The story makes the ever so wise decision of locking Rodney in a small metal box and an impossible problem for him to think he can solve, This allows the other characters the chance to show themselves in a crisis that isn’t immediately solved and gloated over by him. Through these events we find Zelenka is far more courageous than first thought, actually going on the frontlines to help his friends. The Czech scientist has previously been seen to abhor being outside the city itself, due to the dangers and other people he sometimes has to deal with, but now he’s quickly talked into going to solve technical challenges usually left to his senior colleague and proves himself more than capable in the field, even if he still isn’t the biggest fan of doing so.
On the flipside Rodney’s inability to solve a problem reflects on his weakness and flaws when it comes to his inability to control a situation, where he desperation will grow to the point where he’ll ignore his most valuable asset, his mind, because of his ego in that he believes he has to save the day. This sees him first begin to get angry with inanimate objects for not doing as he says and then eventually hallucinating his very one-sided flame Samantha Carter. Even when the hallucination, effectively his conscious mind, tells him to stop what he’s doing by giving him the experiences he wants he still breaks away from it because of his inability to admit he needs help from others.
While this plot is fun to watch it makes, in my mind, a fatal error in its decision to include Carter in the mix. It’s no secret that Rodney has a thing for the famous scientist but my god did they poorly implement the character into the show. I could understand the initial under-dressing, with Carter displaying far more cleavage than ever seen before, but as it gets closer to the end she sheds more and more clothes to the point she’s simply lingerie clad. It’s really poor service in my opinion to a character whose entire characterisation had been about ignoring generic female stereotypes for sci-fi characters by making their first major appearance on the show so vapid and pointless, where she provides nothing but titillation.

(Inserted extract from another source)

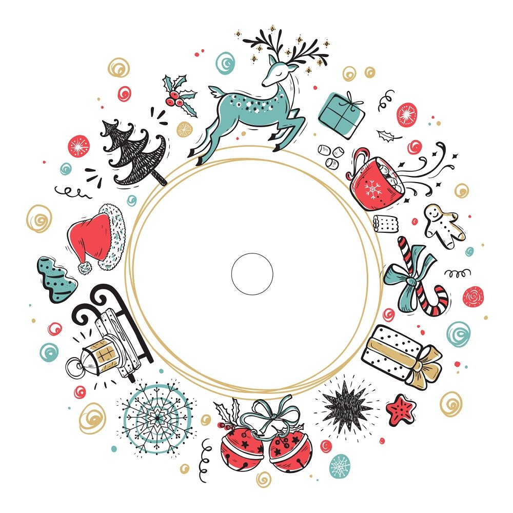 Hand Drawn Christmas Elements Tree Skirt Fabric Panel

In the end the episode is one that has a good idea in the form of a focus on Rodney not being able to solve something but is also heavily flawed in how it treats other characters. It feels long and ends slight anticlimactic. A classic case of trying to fit too much in too little time.
· And so ends the glorious saga of Tomatoman Griffin.
Quote of the episode: “The least you can do is take your top off.”
“Your subconscious mind knows that I would never be into that.”